Your child should have a designated study time every day, even if he or she has no homework. Stick to a plan. Never cancel study time because of extracurricular activities, you have to plan around it.
As a parent, you should also conduct bookbag checks weekly, or with a younger child maybe every day. It’s amazing what you can find in a book bag. Make sure that assignments are being handed in on time, because sometimes they’re completed but they’re just sitting there.
Find a study method that is right for your child. Some children use notecards, some children use highlighters…what is best for your child? Some things that are key for all children are organization, time management, prioritization, and concentration. Your child should be tracking his or her own assignments, and the school should give a guideline about how much time a child should sped on homework. If a subject is difficult for a student, he or she should work on that first. Turn off the phones, the TV, the emails – all of that should be off-limits during study time. Determined what your child needs help with, but don’t do the work for them. If your child can’t do the homework, that’s a warning sign to you that they really didn’t get that concept in school, and that’s okay, because you want to be able to let the teacher know that the child didn’t get that concept so that it can be reviewed.
How involved should parents be in a child’s academic journey? How do you balance the desire to stay involved with the urge to help too much?
What you should do as a parent is provide an environment at home that encourages learning and school activities. If you emphasize those things as important then your child will see that education is important.
Establish the lines of communication between home and school. If your child really didn’t understand a concept and can’t do the homework, contact the teacher, because if your child didn’t get it maybe everybody in the class didn’t get it.
Volunteer. Participate in school programs and events. It’s amazing what you find out when you’re inside the school.
Learn together. A family can sit down and do twenty minutes of reading together. Set the timer and everybody sit down for twenty minutes and read. It’s showing a habit, and once you develop a habit it keeps up.
Participate in parent organizations in the school so you can see what decisions are made that affect your child. And you should also be involved in the community, which is different than being involved in the school, because in the community there are a number of different things to strengthen student’s learning and development. It could be a program in a library or museum. All of those things show your child that learning takes place not just in school but in the community we live in as a whole.
Know what benchmarks and skills your child should be mastering by the end of the year. Make sure you go to back to school night so you know what’s going on. The most effective approach is when the parents work in conjunction with the teachers to make sure the child is learning all the necessary skills, so it really is a partnership with that teacher.
If things aren’t going well, you can always look for outside help. You shouldn’t do your child’s work for him or her because you can’t always zoom in and fix things, but if a child needs extra support he or she should and can receive it.

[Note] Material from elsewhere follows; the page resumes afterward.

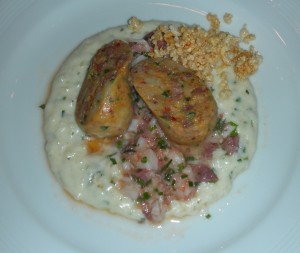 Glancing over the list of dishes in the competition, it seems that foie gras is currently Calgary’s favourite ingredient, featured in six of the ten we tasted. It was not, however, a component of the dish that took the bronze medal, created by chef Justin Leboe of Model Milk Restaurant. He began with delectably creamy hominy grits (ground in-house he explained) flecked with chervil, tarragon and chives. In the middle, he set a spoonful of chopped rock shrimp and the chopped lean meat from a ham hock, sharpened with a gentle vinaigrette. On top of that came two large pieces of a spectacular sausage made from side-stripe shrimp and more ham hock, full of flavour but with a soft, moist texture. Adding scrunch to the dish were fried tapioca shrimp crackers, like crisp little bubbles. It was a dish that hit directly at one’s pleasure centre, as did the well-matched wine – a charming 2010 rosé from Bartier Scholefield in the Okanagan.

Eileen Huntington is one of the co-founders of Huntington Learning Center, a high quality tutoring organization that first opened in 1977. Eileen opened the original center with Dr. Raymond Huntington, and there are now 32 Huntington Learning Centers in the New York metro area alone. Eileen holds a masters degree from Rutgers University and has taught students in the Bronx, NY and in Bound Brook, NJ. Huntington Learning Center's mission is to make all decisions based on what is best for the student. To learn more about the tutoring offered at Huntington Learning Center visit huntingtonhelps.com.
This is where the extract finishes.